# Problem statement
Set every entry down again, unchanged, picture-free.

(Collection entries)
══════

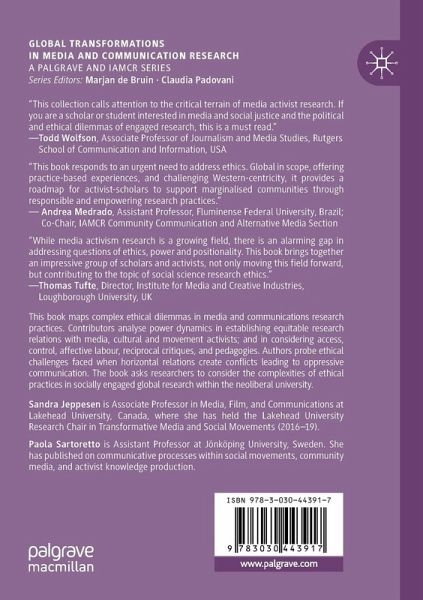 1. Introduction: Mapping Questions of Power and Ethics in Media Activist Research Practices.- 2. Research Ethics: Critical Reflections on Horizontal Media Activism Research Practices.- 3. Dealing with Ethical Dilemmas in Activist Research on Social Movement Media.- 4. Challenges for Social movement Research in the Context of Inequality: The MST in Brazil.- 5. Denaturalizing Research Practices: (Re)signifying subject positions through decolonial theories.- 6. Disrupting Settler Colonialism and Oppression in Media and Policy-Making: A view from the Community Media Advocacy Centre.- 7. Wearing Multiple Reflexive Hats: The ethical complexities of media-oriented Community Engaged Learning.- 8. The Ethics of Reciprocal Communication.- 9. Researcher Ethics: Between Axiological Reasoning and Scientific Discussion.- 10. Difficult Choices: Application of Feminist Ethics of Care in Action Research.- 11. The Ethics of Media Research with Refugees.- 12. Challenges of Ongoing Conflict Research: Dialogic autoethnography in studies of post-2014 Ukraine.
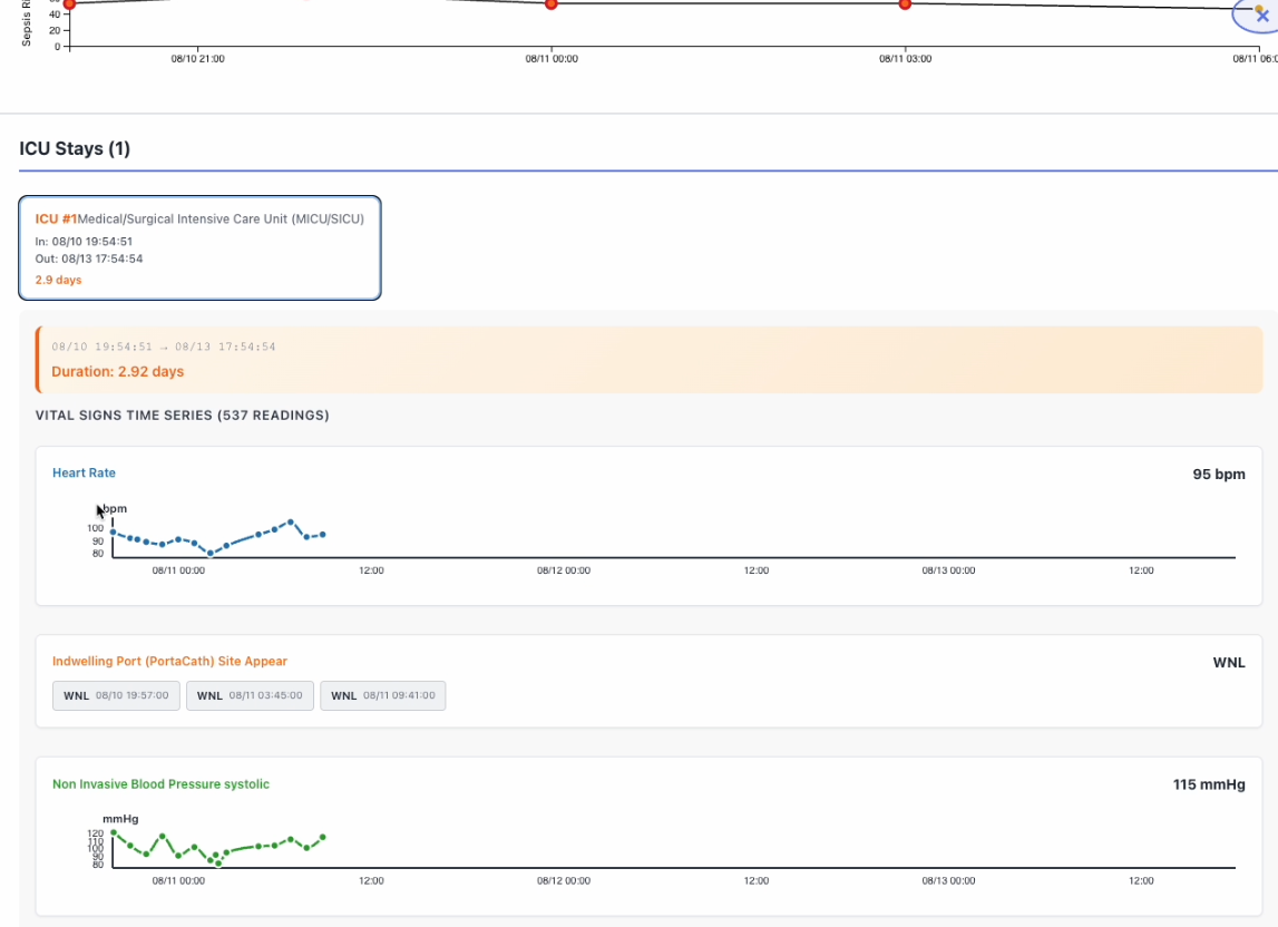 - Calculates SOFA scores (Sequential Organ Failure Assessment) in real-time from vital signs
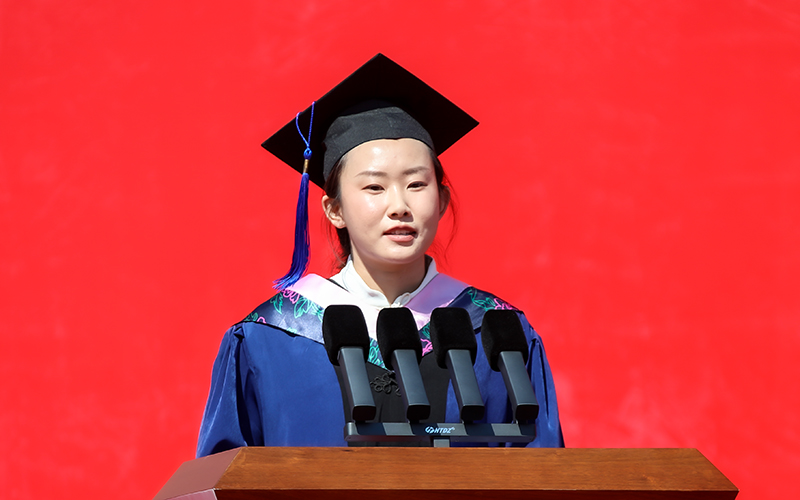 经济学院2021级经济与金融专业潘明同学代表全体本专科毕业生发言;文学与新闻传播学院2022级文化与传媒专业硕士研究生赵石霞同学代表全体研究生毕业生发言;蒙古国的2020级中药学专业来华留学生琪琪格达日同学代表全体留学毕业生发言;教师发展中心主任吴月玲教授代表教师发言;长期关心支持学校建设发展和学子成长成才的我校2002届农学专业毕业生、沈阳农业大学博士生导师,辽宁省产业技术研究院林下生物资源开发与利用研究所所长,沈阳林下经济重点实验室主任郭志富教授作为校友代表发言,他们用热情洋溢的讲话,为全体毕业生们送上了真诚的祝福。
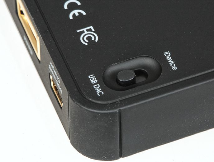 Wyboru wejścia (USB do komputera lub USB dla iUrządzeń Apple) dokonujemy małym hebelkiem na spodzie urządzenia.
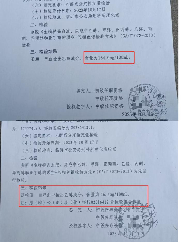 王先生告诉记者,事后他便拿着这份报告去平邑县交警部门讨要说法。王先生称,当时肇事科一名工作人员又拿出另一份报告,其中尸血检测中乙醇含量为16.4mg/100ml,“他们就是说工作人员录入时点错了一个小数点。”
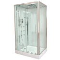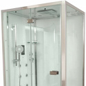 Закрытая кабина, полностенная, правосторонняя, двери раздвижные, материал поддона: акрил, материал стенок: стекло, турецкая баня, тропический душ, вертикальный гидромассаж, габариты (ШхВхД): 90x220x120 см

══════

# Completed task
 1. Introduction: Mapping Questions of Power and Ethics in Media Activist Research Practices.- 2. Research Ethics: Critical Reflections on Horizontal Media Activism Research Practices.- 3. Dealing with Ethical Dilemmas in Activist Research on Social Movement Media.- 4. Challenges for Social movement Research in the Context of Inequality: The MST in Brazil.- 5. Denaturalizing Research Practices: (Re)signifying subject positions through decolonial theories.- 6. Disrupting Settler Colonialism and Oppression in Media and Policy-Making: A view from the Community Media Advocacy Centre.- 7. Wearing Multiple Reflexive Hats: The ethical complexities of media-oriented Community Engaged Learning.- 8. The Ethics of Reciprocal Communication.- 9. Researcher Ethics: Between Axiological Reasoning and Scientific Discussion.- 10. Difficult Choices: Application of Feminist Ethics of Care in Action Research.- 11. The Ethics of Media Research with Refugees.- 12. Challenges of Ongoing Conflict Research: Dialogic autoethnography in studies of post-2014 Ukraine.
 - Calculates SOFA scores (Sequential Organ Failure Assessment) in real-time from vital signs
 经济学院2021级经济与金融专业潘明同学代表全体本专科毕业生发言;文学与新闻传播学院2022级文化与传媒专业硕士研究生赵石霞同学代表全体研究生毕业生发言;蒙古国的2020级中药学专业来华留学生琪琪格达日同学代表全体留学毕业生发言;教师发展中心主任吴月玲教授代表教师发言;长期关心支持学校建设发展和学子成长成才的我校2002届农学专业毕业生、沈阳农业大学博士生导师,辽宁省产业技术研究院林下生物资源开发与利用研究所所长,沈阳林下经济重点实验室主任郭志富教授作为校友代表发言,他们用热情洋溢的讲话,为全体毕业生们送上了真诚的祝福。
 Wyboru wejścia (USB do komputera lub USB dla iUrządzeń Apple) dokonujemy małym hebelkiem na spodzie urządzenia.
 王先生告诉记者,事后他便拿着这份报告去平邑县交警部门讨要说法。王先生称,当时肇事科一名工作人员又拿出另一份报告,其中尸血检测中乙醇含量为16.4mg/100ml,“他们就是说工作人员录入时点错了一个小数点。”
 Закрытая кабина, полностенная, правосторонняя, двери раздвижные, материал поддона: акрил, материал стенок: стекло, турецкая баня, тропический душ, вертикальный гидромассаж, габариты (ШхВхД): 90x220x120 см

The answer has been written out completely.